Please, without the pictures, retype exactly the lines from the start of the material through the line that holds "The rice cooks".

[DATA BLOCK]
□ □ □ □

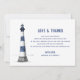 Enkelt tackkort med foto (övertoning är valfritt). Baksidan har en handritad blå och vit fyr med ett tackmeddelande.
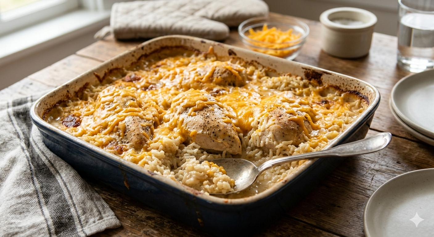 The rice cooks right in the creamy sauce while the chicken bakes on top, creating a flavorful, comforting dish the whole family will love. The best part is that everything comes together in one pan, making cleanup quick and easy.
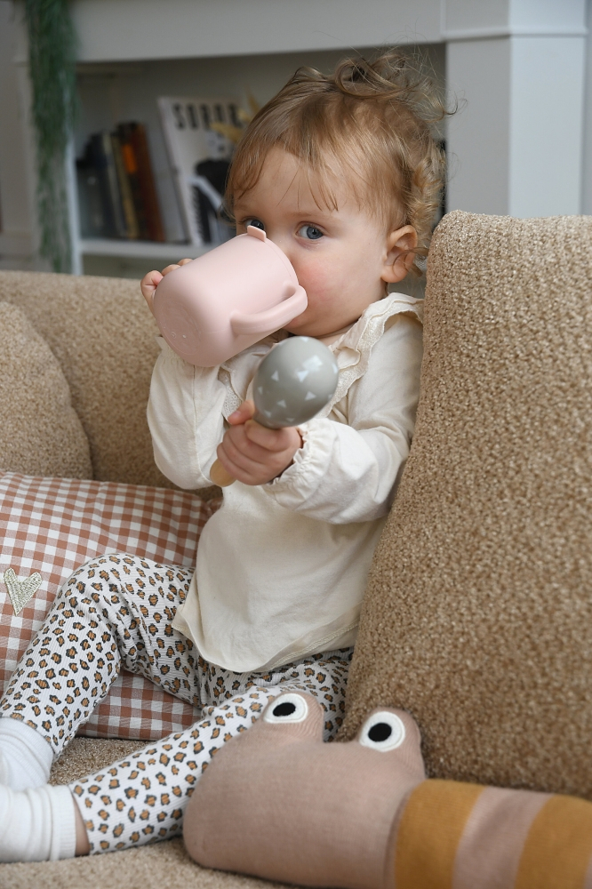 Datorita celor 2 manere mari, copilul poate prinde cana cu ambele maini si poate controla mai bine inclinarea, castigand incredere la masa. Textura moale din silicon este antiderapanta si confortabila, iar marginea neteda a canei (folosita fara capac) permite trecerea usoara spre bautul din cana clasica. Cana de antrenament silicon Beaba Cotton Candy incurajeaza autonomia la masa si ii ajuta pe cei mici sa isi coordoneze mai bine miscarile.

□ □ □ □

[WRITTEN ANSWER]
 Enkelt tackkort med foto (övertoning är valfritt). Baksidan har en handritad blå och vit fyr med ett tackmeddelande.
 The rice cooks right in the creamy sauce while the chicken bakes on top, creating a flavorful, comforting dish the whole family will love. The best part is that everything comes together in one pan, making cleanup quick and easy.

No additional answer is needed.